Sample traceability and Chain of custody of sample between different labs within QC

The FDA 483 highlighted that after the receipt of samples in Quality Control (QC), the movement of these samples between different labs for various tests could not be traced (Observation 5C).

Issue of Chain of Custody of sample is picked by FDA in more than one audit (e.g. Jubilant 483 /Jan 2024). Different procedures may be worked out to avoid this issue

• If a lab distributes samples to different labs from a master sample, this distribution can be documented directly in the sample inward log.
• For each sample logged, a sample usage sheet may be opened which moves along with sample to different labs to record activity on the sample as well as the time it was returned to the sample storage area.
• After completion of analysis, the sample usage sheet can be archived along with analytical records, which shall be reviewed along with test reports before approving the sample results.

Unannounced Internal Audits

The FDA investigators observed that internal audits at the facility were ineffective as all Internal audits were preannounced, based on predefined checklists, and conducted by auditors who were not adequately qualified, except for general internal audit training (Observation 6).

• This is a very pertinent issue. If internal audits are effective, they should identify lapses before they are flagged during regulatory inspections and Companies can take CAPAs well in time. allowing companies to implement corrective and preventive actions (CAPAs) in a timely manner. However, it is often the case that the lapses found by FDA audits are not picked up in self-inspections.
• Typically, internal auditors are selected from departments other than the one being audited to ensure independence. However, this can result in auditors lacking the necessary expertise in the specific area they are auditing. Additionally, the surprise element is lost when audits are pre-scheduled due to auditors’ regular day jobs and familiarity between personnel
• Larger organizations with multiple manufacturing sites are addressing this issue by setting up Corporate Compliance & Audit teams with experts from various functional areas. These teams conduct unannounced audits to ensure a more objective and effective assessment.
• For smaller firms, this can be more challenging. One solution is to engage expert third-party auditors to perform unannounced inspections on a semi-annual or annual basis, providing a more impartial and thorough evaluation.

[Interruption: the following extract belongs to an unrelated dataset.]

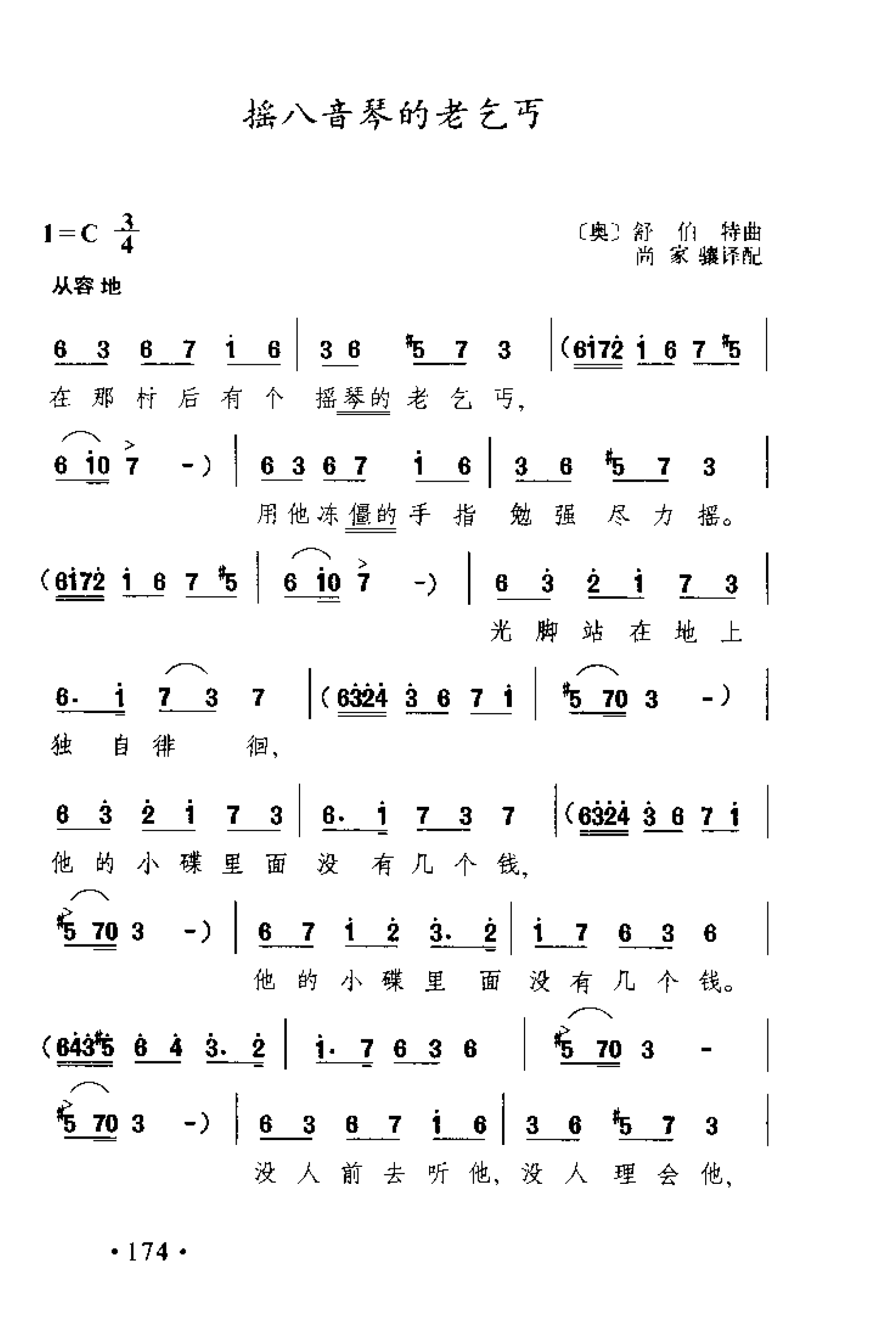 外国古典歌曲简谱:摇八音琴的者气(奥)舒伯特曲

Training Effectiveness – Despite repeated trainings mistakes are repeated.

Another issue the FDA 483 pick up is the effectiveness of Training as a corrective action for repeat incidents. The 483 sites the case of repeat errors of employees in updating electronic note books despite repeat training (Observation 5D).

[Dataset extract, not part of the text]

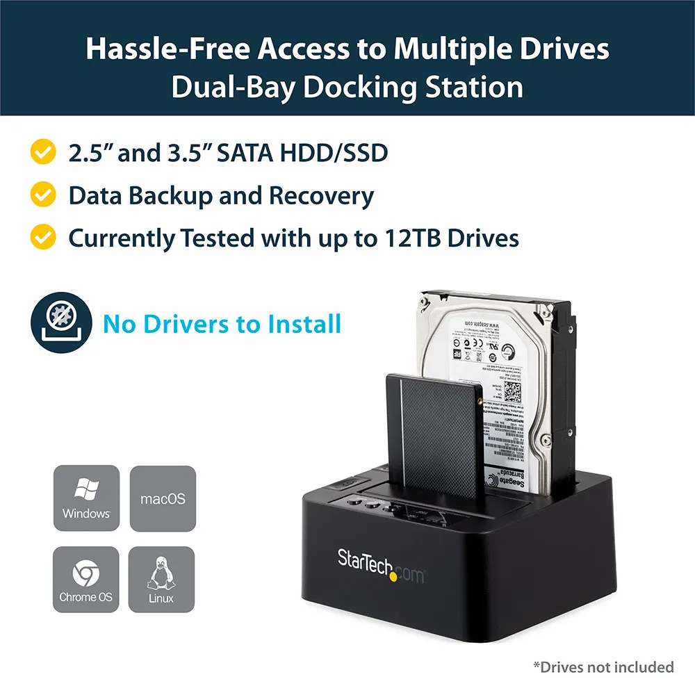 The dock features a top-loading, toaster-style design that makes it easy to insert your drives.

• This is a dilemma most companies face. Employees often repeat errors and mistakes, for example, while updating records, following sequence of activities, software entries etc., and the only action taken is repeat “Training” in SOPs or cGMPs. But how many times?
• An important point to note is that training itself is not a Corrective and Preventive Action (CAPA). The employee wouldn’t have been placed in the job if he / she was already not trained.
• What is required is to identify underlying reasons for the frequent errors even when at the outset it is an employee manual error or oversight – Is it system inadequacy, software issues, employee multitasking, lack of skill? A Human Error Checklist is a useful tool which can help to identify the underlying reasons. And address the root causes – address software issues, provide for double checks or confirmatory prompts when updating records and so on.
• Another effective tool is creating a Ready Reckoner of Common Mistakes made by personnel. Frequent group reading of Ready Reckoner of Common Mistakes can help raise awareness of recurring errors, sensitizing employees to these mistakes while they perform tasks. Over time, this practice can significantly reduce or even eliminate these errors
• And of course provide training too, not as a CAPA for a deviation, but as an ongoing awareness-building program aimed at reinforcing correct practices and preventing errors from recurring.